At St. Paul’s Church, we were given a tour by some youth who showed us the projects they are participating in. Skye, one of the girls at the church, gave us a mini-tour of their raised plant bed (because the soil in the lot has a high lead content) where they are growing peppers, collard greens, cucumbers, and other vegetables. Next, I was eagerly whisked to the compost trashcan where Devon, one of the youth, proceeded to pull out leftover stems from the greens and onions they had cooked together for the “healthy lunch” earlier that day and shredded cardboard from their boxed lunches the day before. The smell wasn’t too bad, and the smile and pride on his face made the experience a true pleasure! The church also has a rain barrel project in the works, shops for food at the local farmer’s market, and leads the young people in discussions on topics such as energy to discover connections between the interconnectedness of consumption and creation. Faith in Place and St. Paul’s African American Methodist Episcopal Church are making their way toward greener tomorrows!

The experience was a fulfilling JOY for me on two levels. First, it was great to get out of “the cube” (my affectionate nickname for the cubicles that we sit in at the ELCA offices) and out into the communities where the work we do is realized and manifested. It was a rejuvenation of commitment! Second, I am a self-proclaimed “nature lover,” who grew up in the woods of Northern Minnesota and is still adjusting to life in the “big city” of Chicago. To see the connections that people are making as part of God’s good creation to the land they are on, even in the midst of concrete and polluted soil, was a beautiful thing to see.
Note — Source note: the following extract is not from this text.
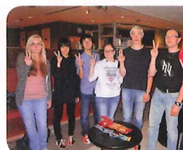
現地高校生との交流

Earlier this year, I was at a presentation where the emerging theme of ecopsychology was introduced. Ecopsychology, in my understanding, is the human experience of being disconnected physically and, therefore, mentally, from nature, which the presenter linked to materialistic and self-centric societies that “big cities,” especially, can cultivate in individuals. I do believe that the understanding of and connection with creation is essential to our ability to care for creation and for one another.

As taken from the ELCA Social Statement, “Caring for Creation: Vision, Hope, and Justice:”
“ ‘To serve,’ often translated ‘to till,’ invites us again to envision ourselves as servants, while ‘to keep’ invites us to take care of the earth as God keeps and cares for us (Num 6: 24-26).”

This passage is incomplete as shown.